Thanks to Sputnik, federal grants were available to improve science education in American schools. Dr. Robert Thompson, the superintendent of MSB, sought out the funds to create a first-class science program at the school. I'm not sure if it was inspiration or really good luck--it was certainly God's grace--that a very young teacher, Robert K. Burnett, a one-year veteran of Mio High School in northern Michigan and a graduate of Michigan State University, was hired to head the administration of the science grant and to teach science to the sixty-student high school.

My mother commented that she couldn't tell if he was a student or a teacher because he was a six-foot-plus, 250-pound baby-faced former tennis champ from Saginaw Arthur Hill High School. He was a big, happy, fun-loving man whose bulk had been acquired by loading one-hundred pound sacks of Michigan navy beans on ships on the docks around Saginaw and Bay City during his summers to earn money for college.

Despite his unconventional approach to life and the trends of the day, Bob Burnett was not a hippie. He had very short hair and wore a short-sleeved white shirt with a short necktie that did not reach all the way to the top of his pants as suggested by the Dress for Success book of the day. He certainly did have a youthful, possibly naïve, attitude about his job. Fortunately his temporary classroom was on the third floor of the high school building, far from the first-floor office of the principal. The third floor had the library; an abandoned recreation room, including a bowling alley with a manual pinsetter; and, off by itself, the science classroom. Burnett used this remote location to his advantage. He was not big on ceremony or formality, quite unlike Margaret Polzein, the stern-faced, stern-voiced, rather authoritarian principal. She rarely made the effort to climb the extra two flights of stairs to visit his classroom. Were it not for the geographic separation, I'm not sure Burnett would have survived under her austere supervision.

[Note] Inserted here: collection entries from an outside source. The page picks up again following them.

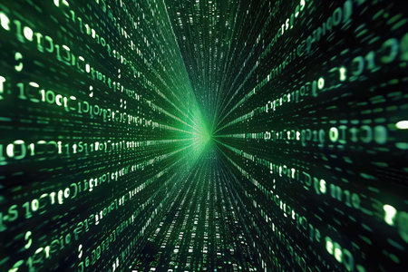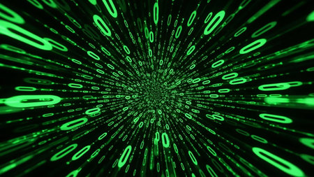 A dark tunnel is filled with a continuous stream of glowing green binary code, numbers 0 and 1, flowing inwards towards a black void. This abstract representation symbolizes data flow and digital...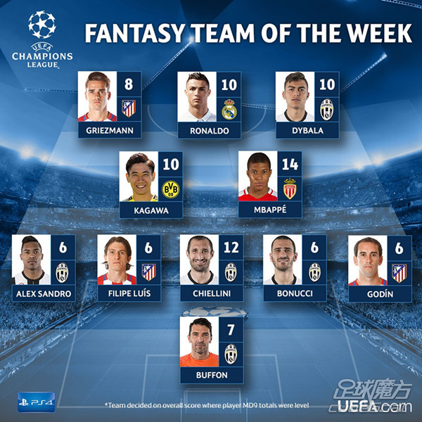 欧足联官方公布了本周欧冠最佳阵容,尤文图斯和马竞分别有五名和三名球员入选,其他三人为C罗、香川真司和姆巴佩。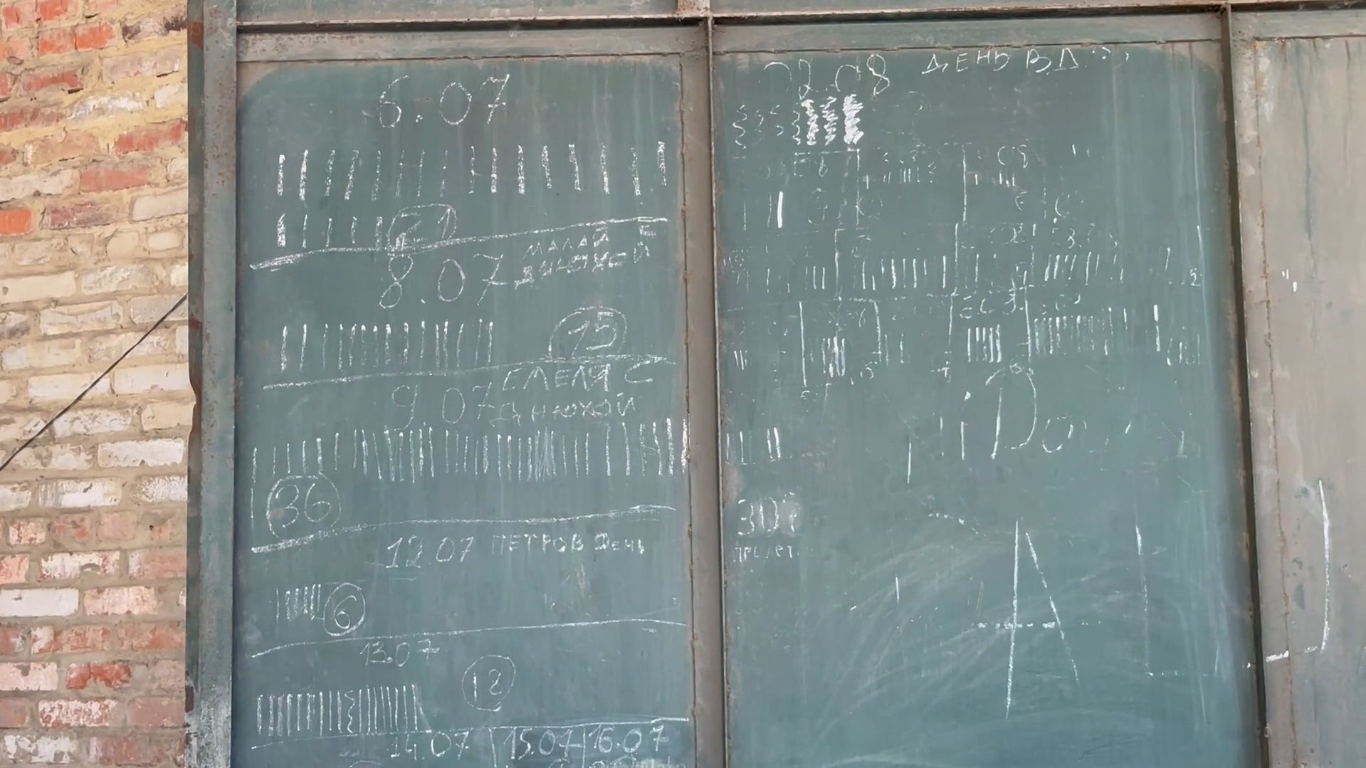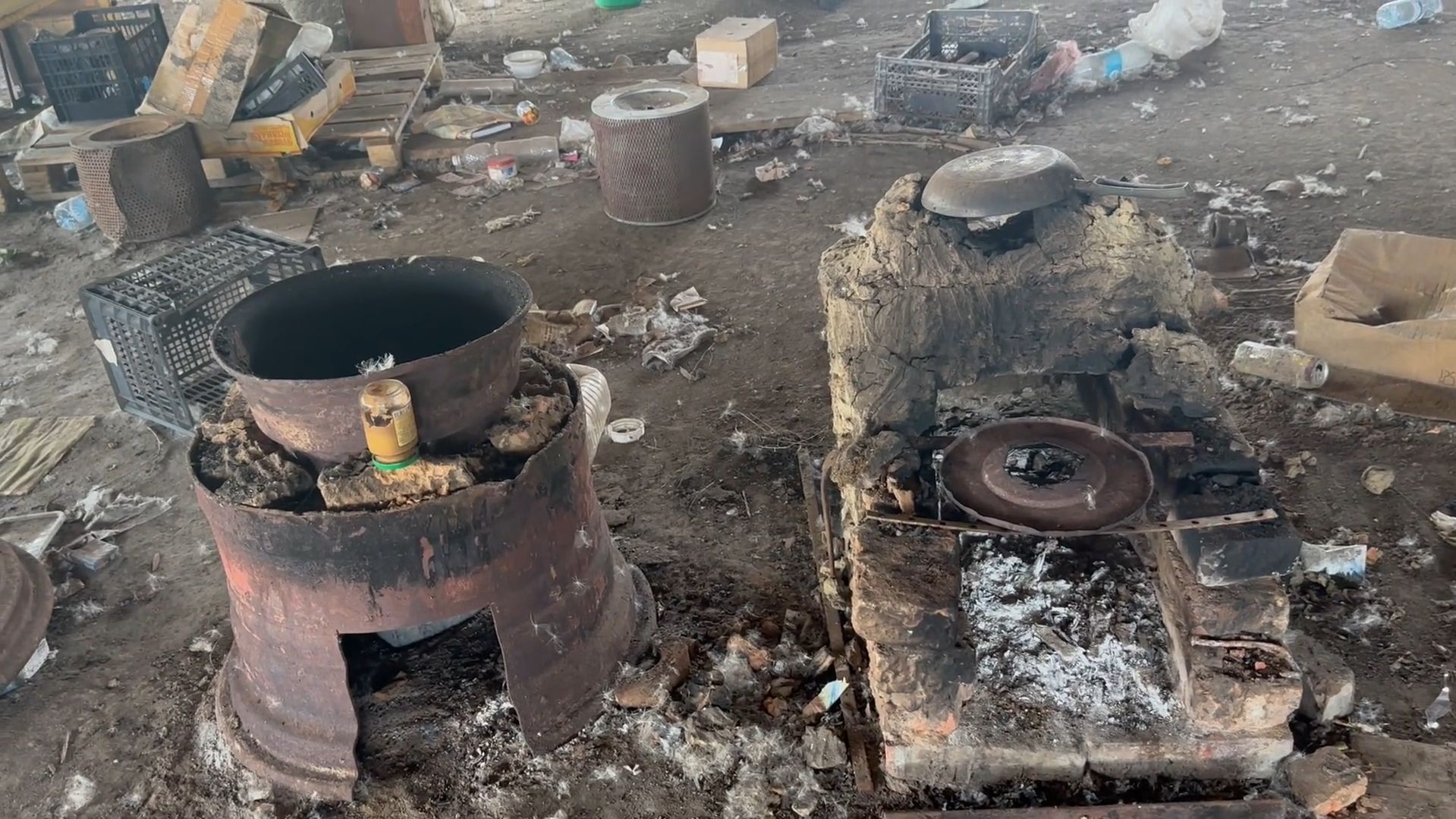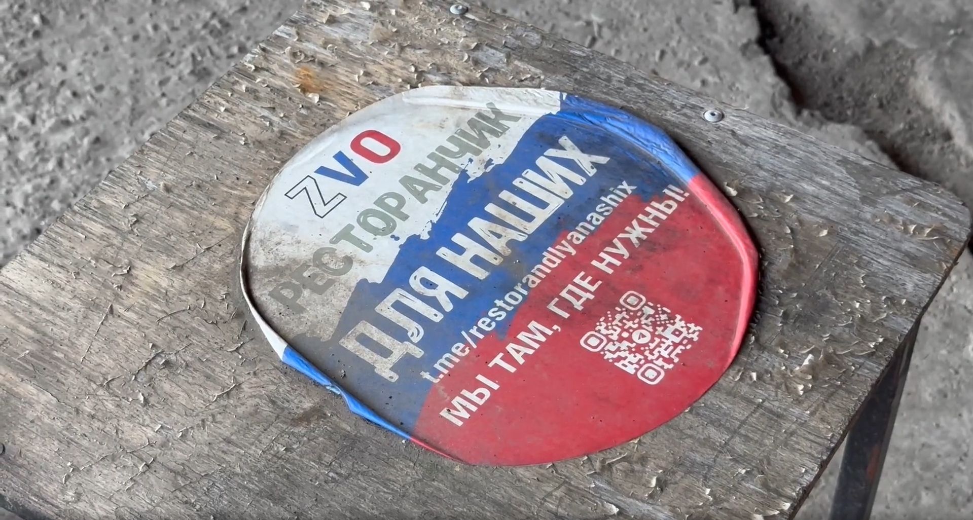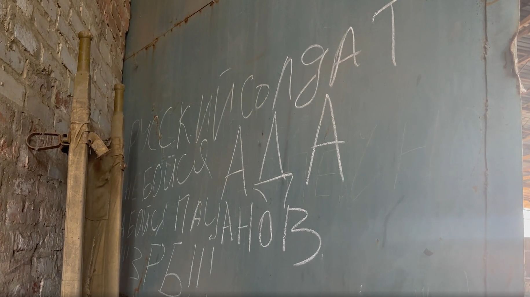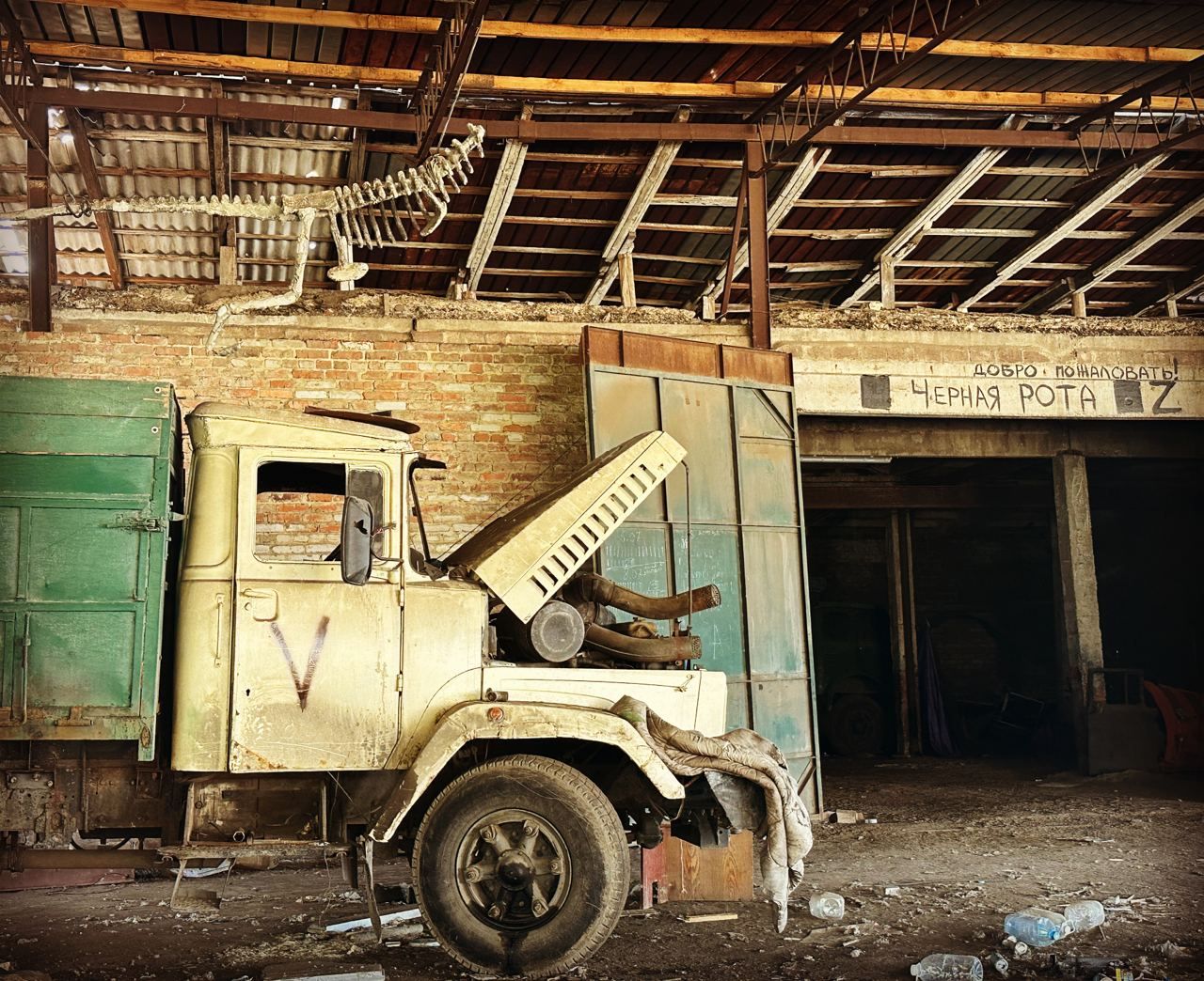 В ангарі фермера жила рота окупантів, як видно з написів – "Чорна рота Z". За словами місцевих, там оселилися осетини. Вони залишили після себе купу нагадувань про "русскій мір" – від бляшанок з-під консерви до викрадених зі школи експонатів.

A great deal of learning has little to do with textbooks. Watching our teachers manage their relationship with supervisors was its own kind of education. Some teachers were insiders with the administration, and then there was Bob Burnett, who was irreverent when it came to rules but very serious about teaching science. Bob had been in Boy Scouts as a youth and a Scout leader in Mio. He reenergized an existing scouting program at MSB. Our Scout troop sold boxes of Reese's Peanut Butter Cups as a fundraiser. It just so happened that there was always a ready supply of these confectionery treats in the upper level classroom, mostly unobserved by a disapproving principal, whom Bob studiously avoided.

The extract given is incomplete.